DHEC staff opposed Georgia’s permit in September, before Georgia Governor Nathan Deal met with South Carolina Governor Nikki Haley. Haley later asked the board to consider an appeal from the Corps. The committee then approved the compromise proposal at their next meeting.
All six members of the board testified under oath Tuesday that Haley’s office did not try to influence their vote. “When we hear something like this, the intent is to try to resolve any issues between the customer and the agency,” DHEC Chairman Allen Amsler said, ”This was no different than any other process we would normally go through.”
Amsler said the seeming reversal came because, under the new agreement, Georgia had met all of DHEC’s requirements for a permit. Many senators were not shy in saying they believed DHEC’s decision gave the Port of Savannah a competitive edge over Charleston, which is a few years behind its counterpart in the race for a deeper harbor.
“You keep talking about the ‘customer’ being the state of Georgia,” Sen. Joel Lourie (D-Richland) told Amsler, “The whole goal here is to protect the public interest for the citizens of South Carolina.”
“So you’re wanting us to ignore the regulations?” Amsler shot back.
AUDIO: Lourie and Amsler get testy (1:05)
Committee chairman Harvey Peeler (R-Cherokee) eventually had to tell Lourie and Amsler to “chill.”
Other members of the committee also wondered why board members willingly accepted their staff’s recommendations only hours after the compromise was reached. Amsler said the members of the board were emailed about the agreement and asked for comment less than 24 hours before the vote. The staff gave the specifics during a presentation at the meeting, he added.
When pressed on the specifics of the presentation, Amsler deferred to DHEC’s staff, which angered Lourie again.
“Economically and environmentally, this is probably the most important decision your board and any DHEC board will make for decades,” he told Amsler, “So, I struggle… when you tell me that staff said it was fine so we went along with it.”

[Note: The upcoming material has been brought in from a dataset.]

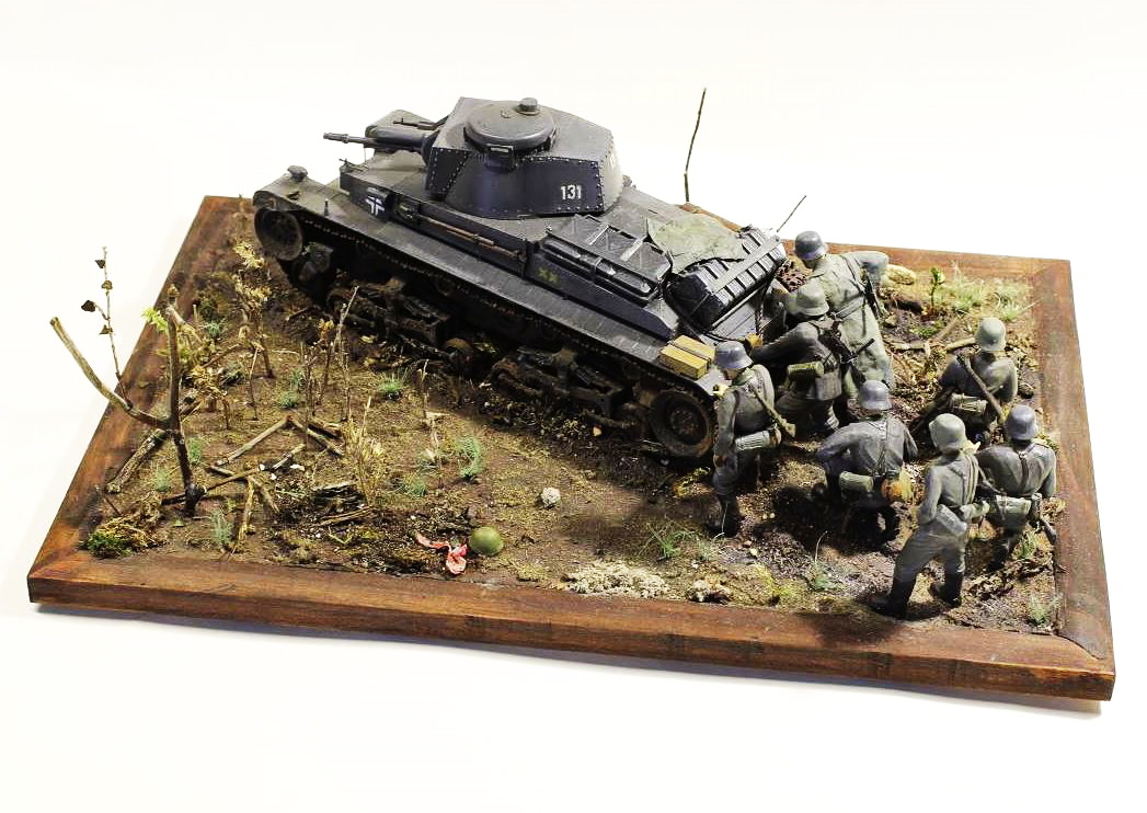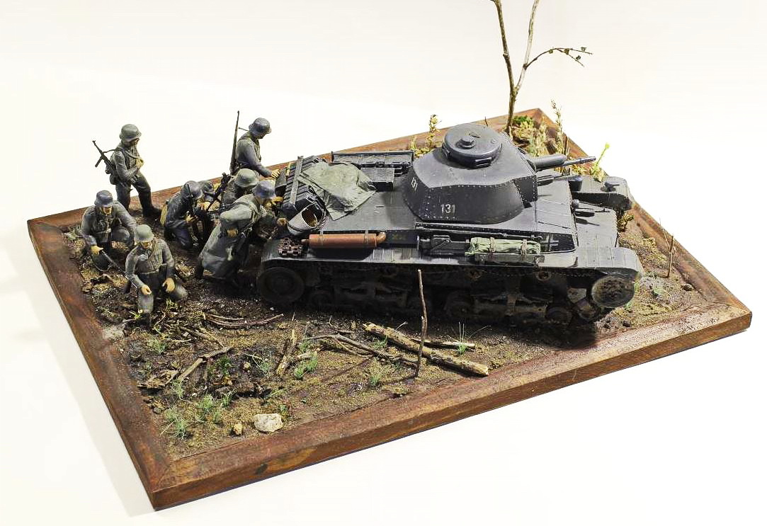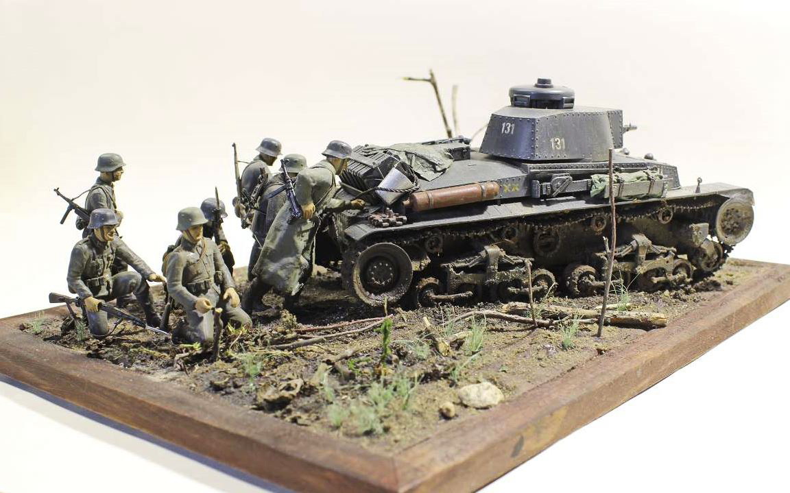 Танк понравился. Местность тоже неплохо воспроизведена. Хорошее сходство композиции с фото реального эпизода. Но фигурки лично мне не понравились. Про блеск, неверно выбранный телесный сказали. Если я правильно разглядел то глаза сымитированы черными точками? Складки на шинелях не выделены.

Other members also questioned whether the board was too focused the specifics of the permit and was ignoring the larger implications of a Savannah dredging on the Port of Charleston and a proposed Jasper Ocean Terminal on the South Carolina side of the Savannah River.
“I just have a bit of discomfort with what I perceive is an attitude you’re conveying to us of ‘the permit requirements were met. End of discussion,’” Sen. Danny Verdin (R-Laurens) told Amsler.
Amsler said that it was not the board’s responsibility to consider the economic and political aspects of the permit– only the environmental ones.
Peeler had asked Governor Haley to testify before the committee, but she declined. No members of her staff attended the hearing. The committee members agreed to ask Haley’s staffers to testify again, with the possibility of subpoenaing them if they refuse.
Georgia wants 36 miles of the river dredged an additional six feet to benefit the Port of Savannah, which needs deeper waters to service the larger ships expected to begin coming through the newly-expanded Panama Canal in a few years. Charleston also plans to deepen its harbor an additional five feet.
The hearing lasted for more than six hours.